Im Mai war der Altonaer Arzt Mathias Petersen noch mit 88 Prozent der Stimmen als SPD-Chef bestätigt worden. Dann aber begann Petersen, Fehler zu machen. Im Sommer feuerte er zur allgemeinen Überraschung den langjährigen SPD-Landesgeschäftsführer Ties Rabe - ohne für die Partei nachvollziehbare Begründung und ohne einen Nachfolger präsentieren zu können.
Doch seine Kritiker ärgern sich insbesondere darüber, dass sich Mathias Petersen über parteiinterne Machtinteressen hinwegsetzt. Petersen machte Ex-Senator Eugen Wagner, Hochbahnchef Günter Elste, Ex-Staatsrat Hinnerk Behlmer und das Bürgerschaftsurgestein und Chef-Zwischenrufer Werner Dobritz zu seinen Beratern. Den 2004 gestürzten Ex-Fraktionschef Walter Zuckerer machte er zum Landesgeschäftsführer.

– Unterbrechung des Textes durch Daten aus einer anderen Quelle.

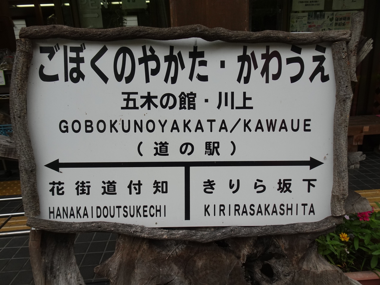 規模は小さく渋い感じの建物。駅名の「五木(ごぼく)」とは木曽五木(ひのき、あすなろ、ねずこ、さわら、こうやまき)のことで、道の駅の建物にはこれらの木の尺角柱が使われているそうです。

Gerade die Jüngeren gehören zu seinen Gegnern. sie scharen sich um den 36-jährigen Fraktionschef Michael Neumann. Viele fürchten, Petersen könne den 2001 in der Partei eingeleiteten Generationswechsel rückgängig machen. Inzwischen gibt es massive Kritik von fünf Kreisverbänden an Petersen. Darunter auch der einflussreiche Bezirksfürst Johannes Kahrs aus Mitte und Petersens eigener Kreisverband Altona. Nur noch Harburg und Wandsbek halten zu ihm. "Ich bin fest davon überzeugt, dass Mathias Petersen der richtige Kandidat ist. Er ist kein Parteifunktionär, sondern jemand, der auf die Leute zugeht", sagt Karl Schwinke, der Kreisvorsitzende in Wandsbek und stellvertretender Landesvorsitzende. "Diese menschliche Variante ist eine große Stärke. Innerhalb der Parteistruktur aber auch eine Schwäche, weil die Funktionäre es ausnutzen." Auch Werner Dobritz wirft sich trotz massivem Gegenwind für Petersen in die Bresche. "In Hamburg haben wir bei Umfragen fast zehn Prozent mehr Stimmen als im Bund. Mit Petersen gibt es eine reelle Regierungsperspektive."